Option 1: Deferred Payment Agreement (DPA)
- Council pays care fees now, repaid when home is sold
- Like a secured loan (interest may apply)
Option 2: Use other savings or income

If neither option is taken, the council may take legal action to recover costs, which could include forcing a sale.

Step 7: Selling the Property Under Deputyship – Key Differences & Process

Court of Protection must authorise the sale (if not already specified in the Deputyship Order). Check the ‘Powers Granted’ section of your order or ask your solicitor.

Timeframe: 6–12 weeks if a new application is needed.
Deputy must act in the owner’s best interests and get fair market value.

Private buyer – Direct sale to an individual or investor; can be quicker, but ensure protections such as obtaining a RICS valuation, using a solicitor for all contracts, and avoiding informal handshake deals.

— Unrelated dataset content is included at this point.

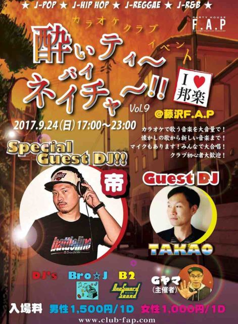 今回で9回目の酔いティ〜バイネイチャ〜‼️ 純粋に老いも若きも 日本の曲で盛り上がるイベントです✋😎 そんな日を彩る、ココロオドルDJ達 🎵 ゲストにはDJ TAKAOに加え横浜から、ハマのエンペラーことDJ 帝が参戦します! クラブ初心者でも楽しめるDJ MIXを是非お楽しみください✋😎 レゲエ畑からは本厚木からBro☆J 、ONESWORDからB2、オールジャンルな選曲とフライヤーデザインも出掛けているDJ yumi!各ジャンルで活躍中のメンバーが揃います。 そして真面目そうなヤツは大体友達、主催者のGヤマです

Buyer’s solicitor will require:
- Deputyship Order + capacity assessment
- Court authorisation to sell (if applicable)
- Deputy’s ID

Proceeds:
- Must go into the Deputy’s OPG-registered account
- Can only be used for the owner’s care or expenses
- Significant spending (e.g., gifts, home adaptations) may require separate court approval — check before making large withdrawals
- Sale and use of funds must be reported in the annual Deputy return

Special Note: Jointly Owned Property

If the property is jointly owned, all owners must agree to the sale. If a co-owner refuses, the Deputy may need to apply to court to authorise the sale of the owner’s share. Seek legal advice — the process depends on the type of joint ownership.